By Donald Heath
Special for the Effingham Herald
GUYTON – If it was a Hollywood movie, South Effingham's assistant football coach Mike Harper would have been carried off the field on his players' shoulders Friday night after an improbable victory.
Remember the Titans?
How about Remember the Mustangs?
But Guyton is a long way from Hollywood. Harper, who was South's first football coach when the school opened in 1996, was thrust into his first head coaching duties since 2000; but he didn't have a plan from yesteryear to prevent Effingham County's 42-7 victory at the Corral.
"It was an honor to coach again," said Harper, 71, and as energetic as ever. "I've been hanging around (the program) for three years and they asked if I would step in. It was just an honor – win, lose or draw."
Harper was asked the step in because SEHS' current head coach Loren Purvis was ejected from the last game – a 52-36 victory over Bradwell Institute on Sept. 8 – when Mustangs safety Ashton Troutman was flagged for targeting. The penalty came with an automatic disqualification from the game and the next game on the schedule.
Purvis argued and was tossed and faced the same consequences.
Before the game, SEHS' student cheering section began a chant, "Free Purvis."
SEHS principal Dr. Torian White asked Harper to return to South in 2021 when an opening arose in the weight room. Harper, then retired, was glad to lend a hand. He remembered White as a Mustang marching band member.
Harper stayed to help Coach Nathan Clark for two years and then joined Purvis' staff this season.
Clark affectionately called Harper, "Team Grandpa."
"It felt kind of surreal to see (Harper) on the sidelines," Ford said. "My dad was on his staff (as strength coach) at Berkmar in the 1980s (1986-87) so I was always running around the weight room. Harper was telling me, 'I remember you when you were this big (lowering his hand to his waist).' "

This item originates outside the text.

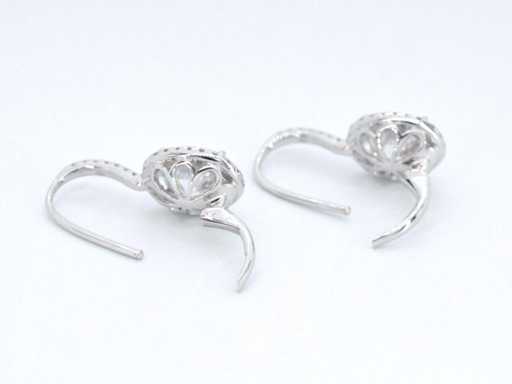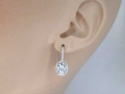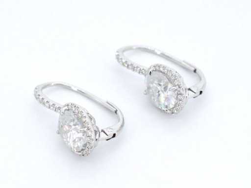 Witgouden entourage oorbellen met diamanten en een gemaakte ovale briljant

Effingham County has dominated the series in recent years with four straight wins. After the game, an SEHS senior needed consoling. He had never beaten the Rebels during his high school career.
Harper put his arm around the player and they walked together to hear the band play the alma mater.
"You know the very first time we played Effingham at home, we beat them," Harper said. "I was just hoping I could make some things work as the coach."